Dataset items

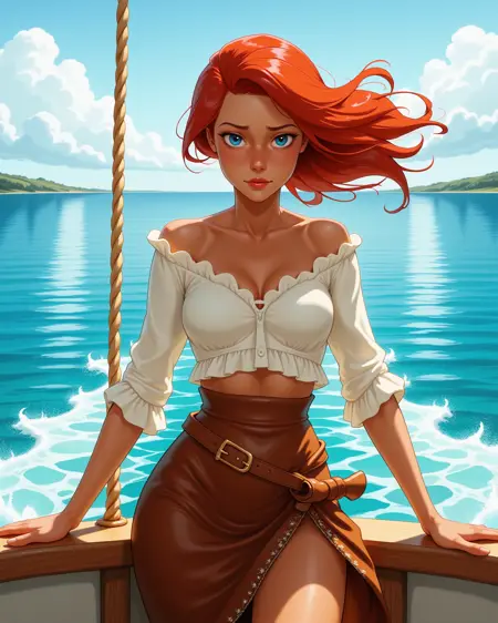 밝은 빨간 머리카락을 파란 리본으로 묶은 젊은 여자로, 하늘색 오프숄더 블라우스(통풍이 좋은 소매), 검은 코르셋 상의, 진한 파란색 플레어 스커트를 입고, 맨발입니다.
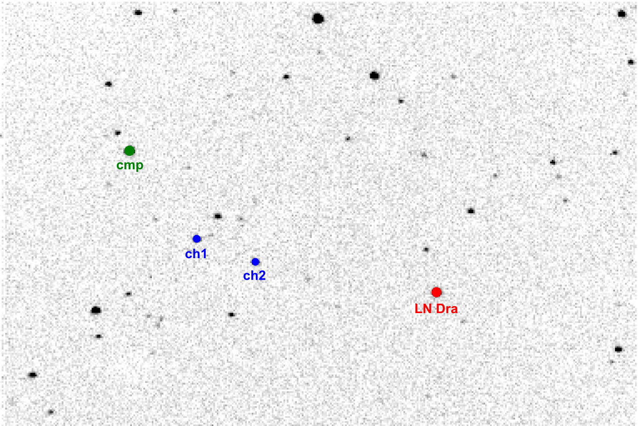 注釈:# NAME LN Dra # VAR 17:45:55.40 +52:38:05.0 2451306.863 0.61215 12.0-12.6 (BRNO O-C gateway 20080225) # OBS Martin Lehky (Hradec Kralove CZ; 0.40-m f/5 reflector + CCD ST7) # FLT R # RED CMunipack 1.1.18 + AVE 2.51 # NOTE 24/25 II 2008; R_290_60s (278/73); minimum S # NOTE 2454521.52175 +/- 0.00016; 20080225 00:31:19 (UT) GEO # COND fine clear weather
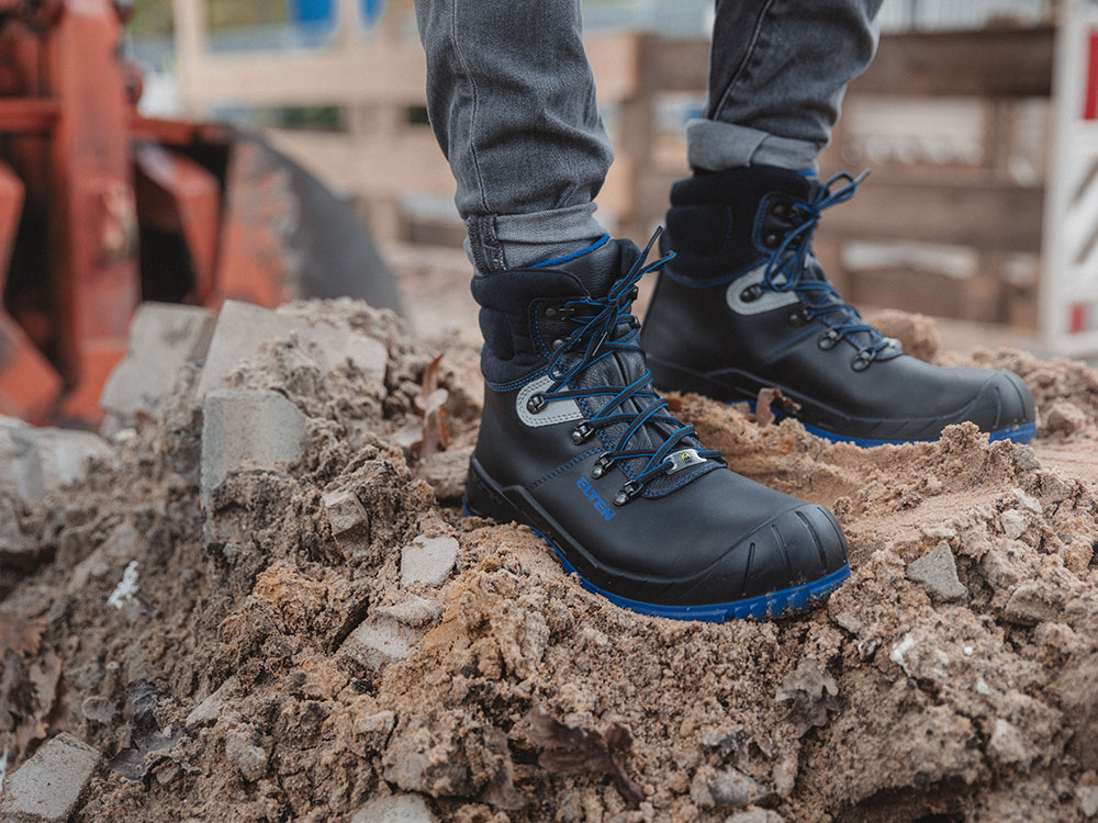 There is now good news for all wearers with very wide feet: The extra-wide fit of the ALESSIO steel XXW Mid ESD S3 provides the necessary comfort. Pressing safety boots are a thing of the past! In addition, the hard-wearing boot with the striking blue sole scores points with an outer material made of hard-wearing cowhide and a breathable textile lining. The attached reflective material makes the wearer easily visible even in the dark. With an inserted steel toe cap and a steel midsole, the ESD-compatible safety boot provides the necessary protection against hazards from above or on the ground. On smooth surfaces, the SRC-certified coarse-tread PU/PU outsole provides stability thanks to its anti-slip properties. The polyurethane toe protection prevents premature wear and tear, and the padded tongue guarantees an all-round comfortable feel. The ALESSIO steel XXW Mid ESD S3 is available in sizes 36 to 50.
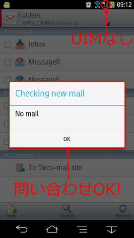 対応アプリで一番分かりやすい変更点は、ドコモUIMカードがない状態でもサービスを使えるようになっている点です。Wi-Fiでインターネットにつながっていれば、ドコモUIMカードを抜いてある状態でもそのままサービスが使えます。上の画像は、アップデート後のドコモメールとiコンシェルを、docomo IDを保存してドコモUIMカードを抜いたF-01Fで使った様子をキャプチャーしたものです。
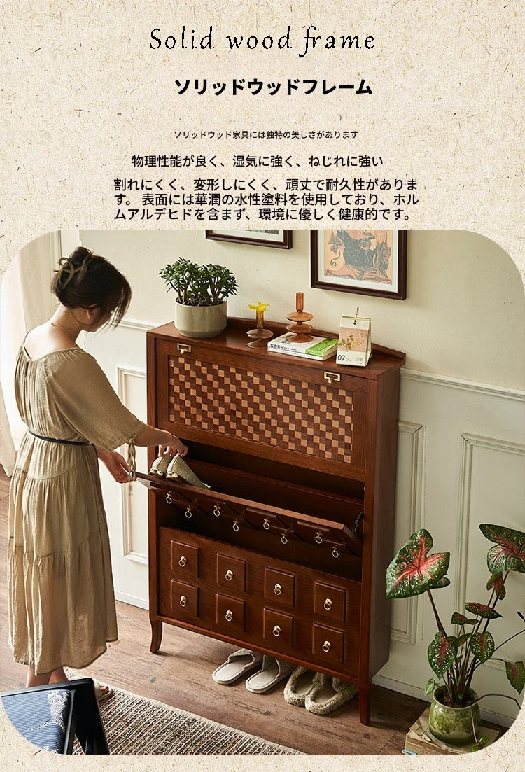 商品特徴 | この美しいキャビネットは、アッシュ材と多層板を使用し、耐久性とエレガンスを兼ね備えています。どんなインテリアにもぴったりフィットします。 チェス模様のフロントデザインが特徴のキャビネット。個性的なスタイルで、リビングやエントランスを華やかに演出します。あなたの空間を一変させるアイテムです。 多機能のこのキャビネットは、たっぷりの収納スペースを提供します。靴や小物を整理整頓し、使いやすさを追求したデザインです。 金属製のハードウェアが施されたこのキャビネットは、モダンな印象を与えつつ、クラシックな魅力も持ち合わせています。訪れた人の目を引くことでしょう。 スタイリッシュなアッシュ材のキャビネットは、耐久性に優れ、長くご使用いただけます。インテリアの質感を高める要素として最適です。 おしゃれな収納ソリューションをお探しの方に最適なキャビネット。デザイン性と機能性を兼ね備えたこのアイテムは、あなたの生活をより豊かにします。 |
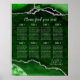 Guide your guests in style with this elegant wedding seating chart featuring a green agate marble design accented with luxurious silver details. The bold geode-inspired background creates a dramatic and sophisticated look, perfect for fall and winter weddings, formal celebrations, or glamorous evening events. Designed for up to eight tables, the layout keeps names organized and easy to read while complementing the organic agate texture. Ideal for couples seeking a stylish and unique wedding display, this seating chart blends natural stone aesthetics with a refined, modern layout. Easily personalize all text to match your wedding details and create a beautiful focal point for your reception.
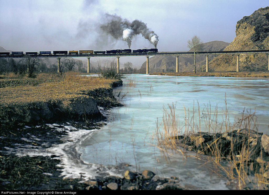 | Sulphurous deposits lend strange colour hues to the frozen waters of the river that weaves beneath Kinmiaoxiang's magnificent Biligou viaduct. QJ 6639 pilots 6851 as they work eastbound in the final year of steam in an unforgettable setting. Steam still lingers on in China, but oh for the days when Jingpeng pass drew us like a magnet. |
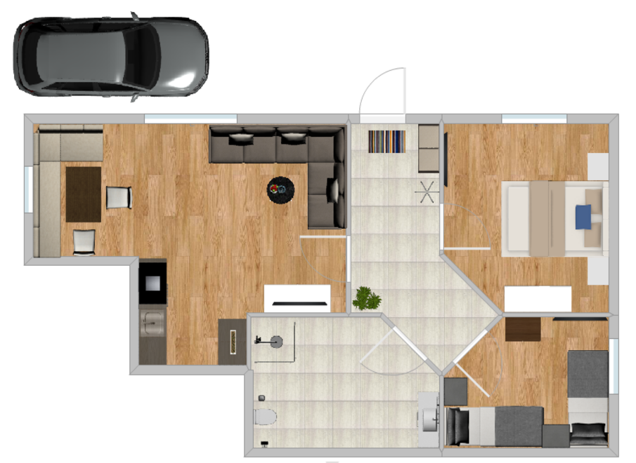 Size 60 m² Occupancy 1 - 5 adults , 0 - 4 children Rooms 3 Bedrooms 2 Room details

### [EXERCISE]
Taking the records above, print only and exactly the lines from the line with "There is now" to the line with "対応アプリで一番分かりやすい", both kept, and exclude pictures.

### [ANSWER TO THIS PROBLEM]
 There is now good news for all wearers with very wide feet: The extra-wide fit of the ALESSIO steel XXW Mid ESD S3 provides the necessary comfort. Pressing safety boots are a thing of the past! In addition, the hard-wearing boot with the striking blue sole scores points with an outer material made of hard-wearing cowhide and a breathable textile lining. The attached reflective material makes the wearer easily visible even in the dark. With an inserted steel toe cap and a steel midsole, the ESD-compatible safety boot provides the necessary protection against hazards from above or on the ground. On smooth surfaces, the SRC-certified coarse-tread PU/PU outsole provides stability thanks to its anti-slip properties. The polyurethane toe protection prevents premature wear and tear, and the padded tongue guarantees an all-round comfortable feel. The ALESSIO steel XXW Mid ESD S3 is available in sizes 36 to 50.
 対応アプリで一番分かりやすい変更点は、ドコモUIMカードがない状態でもサービスを使えるようになっている点です。Wi-Fiでインターネットにつながっていれば、ドコモUIMカードを抜いてある状態でもそのままサービスが使えます。上の画像は、アップデート後のドコモメールとiコンシェルを、docomo IDを保存してドコモUIMカードを抜いたF-01Fで使った様子をキャプチャーしたものです。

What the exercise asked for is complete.